18+
реклама
18+
Бургер менюБургер меню

Григорий Медынский – Ступени жизни (страница 3)

18

Или Некрасов:

Идет, гудет зеленый шум, Зеленый шум, весенний шум… Как молоком облитые, стоят сады вишневые, Тихохонько шумят.

Но особенно я помню один день, осенний, слякотный, Я только что поступил в гимназию, и отец приехал навестить меня. Мы шли с ним по улице Калуги, он купил в киоске газету и, заглянув в нее, охнул: «Умер Толстой!» И заплакал.

Нет, я не собираюсь делать из своего отца какую-то исключительность, перекрашивать из одного цвета в другой или подводить под какие-нибудь «измы».

В конце концов, это был обыкновенный «служитель бога на земле», и он выполнял всё, что ему было положено по должности, — крестил, венчал, хоронил, провозглашал многолетие государю императору и всему царствующему дому и кропил святой водой тех, кто в эту воду верил. Но, служа злу в его большом историческом смысле, в жизни он никогда не делал людям зла. Его внешнее, «функциональное» очень резко расходилось с тем внутренним, что составляет подлинную природу человека, — изъян старой государственности. Внешнее и внутреннее.
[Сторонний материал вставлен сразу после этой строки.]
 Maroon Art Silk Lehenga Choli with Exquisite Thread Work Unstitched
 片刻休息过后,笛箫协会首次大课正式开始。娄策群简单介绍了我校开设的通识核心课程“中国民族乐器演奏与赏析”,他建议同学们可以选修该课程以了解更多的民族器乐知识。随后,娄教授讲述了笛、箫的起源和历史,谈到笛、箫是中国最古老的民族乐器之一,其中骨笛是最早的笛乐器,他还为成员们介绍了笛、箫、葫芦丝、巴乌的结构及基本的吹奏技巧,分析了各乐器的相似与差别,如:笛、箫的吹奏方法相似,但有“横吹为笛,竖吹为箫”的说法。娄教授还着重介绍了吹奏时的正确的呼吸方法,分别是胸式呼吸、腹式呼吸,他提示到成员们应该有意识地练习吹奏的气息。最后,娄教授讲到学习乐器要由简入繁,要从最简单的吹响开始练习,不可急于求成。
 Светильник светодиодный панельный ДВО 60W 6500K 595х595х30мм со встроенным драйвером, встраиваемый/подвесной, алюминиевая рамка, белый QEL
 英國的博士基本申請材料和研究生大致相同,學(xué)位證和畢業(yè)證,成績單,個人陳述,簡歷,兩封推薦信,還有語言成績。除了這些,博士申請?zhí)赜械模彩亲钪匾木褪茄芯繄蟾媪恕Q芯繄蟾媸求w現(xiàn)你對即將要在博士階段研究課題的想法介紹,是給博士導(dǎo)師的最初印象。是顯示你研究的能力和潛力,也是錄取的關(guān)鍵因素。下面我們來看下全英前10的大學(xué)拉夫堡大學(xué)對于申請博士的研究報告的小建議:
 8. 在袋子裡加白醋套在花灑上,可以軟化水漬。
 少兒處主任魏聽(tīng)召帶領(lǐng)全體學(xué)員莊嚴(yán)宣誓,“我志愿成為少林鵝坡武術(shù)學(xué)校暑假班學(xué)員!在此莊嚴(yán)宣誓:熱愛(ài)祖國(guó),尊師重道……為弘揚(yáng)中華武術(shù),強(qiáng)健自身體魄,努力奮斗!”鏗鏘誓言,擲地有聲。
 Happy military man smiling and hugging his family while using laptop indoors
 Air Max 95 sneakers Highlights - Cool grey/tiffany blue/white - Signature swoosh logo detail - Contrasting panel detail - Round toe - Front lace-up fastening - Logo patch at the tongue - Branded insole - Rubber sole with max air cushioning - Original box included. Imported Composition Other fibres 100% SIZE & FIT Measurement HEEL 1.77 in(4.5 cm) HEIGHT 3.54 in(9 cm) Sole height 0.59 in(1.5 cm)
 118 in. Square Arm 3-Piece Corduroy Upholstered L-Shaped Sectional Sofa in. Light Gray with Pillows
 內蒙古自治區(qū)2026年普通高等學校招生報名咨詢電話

На самом деле отец принадлежал к той, может быть, редкой, но несомненно существовавшей категории либеральной — да простится мне это замызганное слово, — а вернее, просто умной части духовенства, культурный уровень которой, житейский демократизм и вытекающие отсюда скрытые политические взгляды резко расходились с его официальной ролью в старой России.

Все это я наматывал на свой, не пробивающийся еще ус.
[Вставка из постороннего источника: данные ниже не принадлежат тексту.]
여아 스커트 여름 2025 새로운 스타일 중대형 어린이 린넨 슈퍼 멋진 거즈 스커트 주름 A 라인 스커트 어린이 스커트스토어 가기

Я не берусь судить в полной мере о его взглядах той поры даже в таком вопросе, как вера в бога, потому что то время, когда сын становится для отца собеседником, оказалось временем великих и решительных размежеваний и мы стали по разные стороны исторического барьера.

Но взгляды ведь выражаются не всегда в декларациях.
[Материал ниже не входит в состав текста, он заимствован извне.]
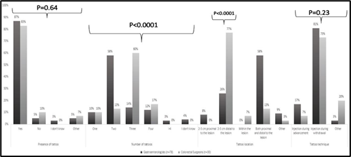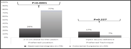 Fig 2. Comparison of Gastroenterologists and Colorectal Surgeons Regarding Endoscopic Tattooing Practices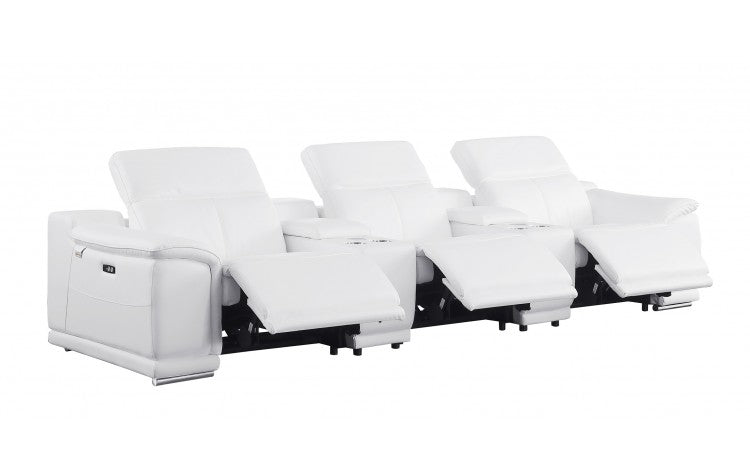 9762 DivanItalia White 5-Piece Modular Power Reclining Sofa – Top Grain Italian LeatherModel:  9762-WHITE-5.3-HT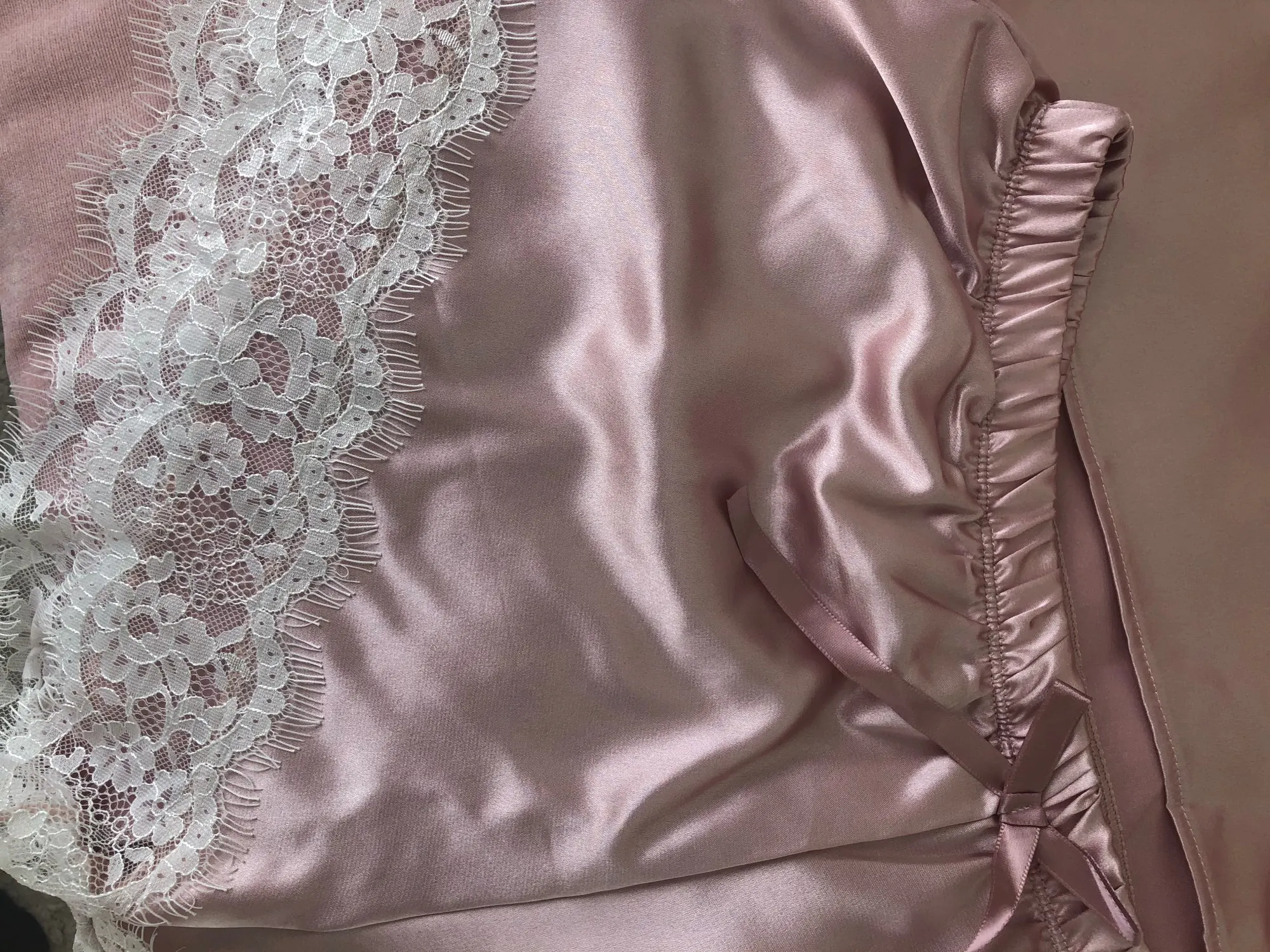 Как в описании! Заказывала у этого продавца несколько раз такие пижамы 5цветов! Все понравились! Кружево красивое! Размер XL на мой 46/48 подошёл отлично, не в обтяг, как и должно быть для пижамки! Немного электризуется, меня это не смущает. Рекомендую!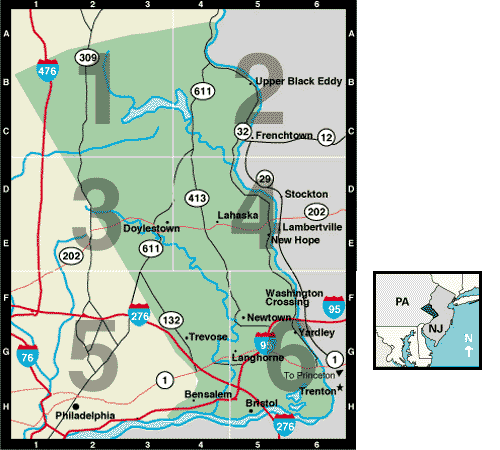 Bucks County is represented as the green area on both the main map here and the inset map showing PA and NJ below.Zone 2 Map

Решает другое — чем эти взгляды отражаются в поведении, в деталях жизни. И тогда я вспоминаю, как заехал к отцу урядник, как они выпили, конечно, как отец в шутку написал на внутренней стороне козырька его фуражки «Долой самодержавие!» и как они потом вместе смеялись над этим. Помню, в разговоре об одном из своих коллег, священнике большого и богатого местечка, он назвал его черносотенцем, другого, тех же настроений, он при мне назвал подлецом и не подал руки, кажется за то, что тот провозгласил в своей церкви анафему Льву Толстому.

А для контрастности приведу, пожалуй, воспоминания одного моего теперешнего корреспондента о своем деде, тоже священнике, вернее, протоиерее большого городского собора — это уже начальство.

«Дед был человеком угрюмым, нелюдимым, деспотически строгим. На всех родичей он наводил страх, а мы, мелюзга, боялись его, как смерти. Когда заслышим шелест его шелковой рясы при возвращении из собора, то мигом забивались куда-нибудь в самые темные углы. По дому он обычно следовал один — все старались не попадаться ему на глаза — и скрывался в своей комнате, келье, откуда очень редко выходил. Только по большим религиозным праздникам он появлялся за общим обеденным столом, читал молитву, осенял всех благословением. При этом все крестились и склоняли головы, боясь смотреть ему в глаза. Трапеза, естественно, протекала нудно, тоскливо и в полной тишине.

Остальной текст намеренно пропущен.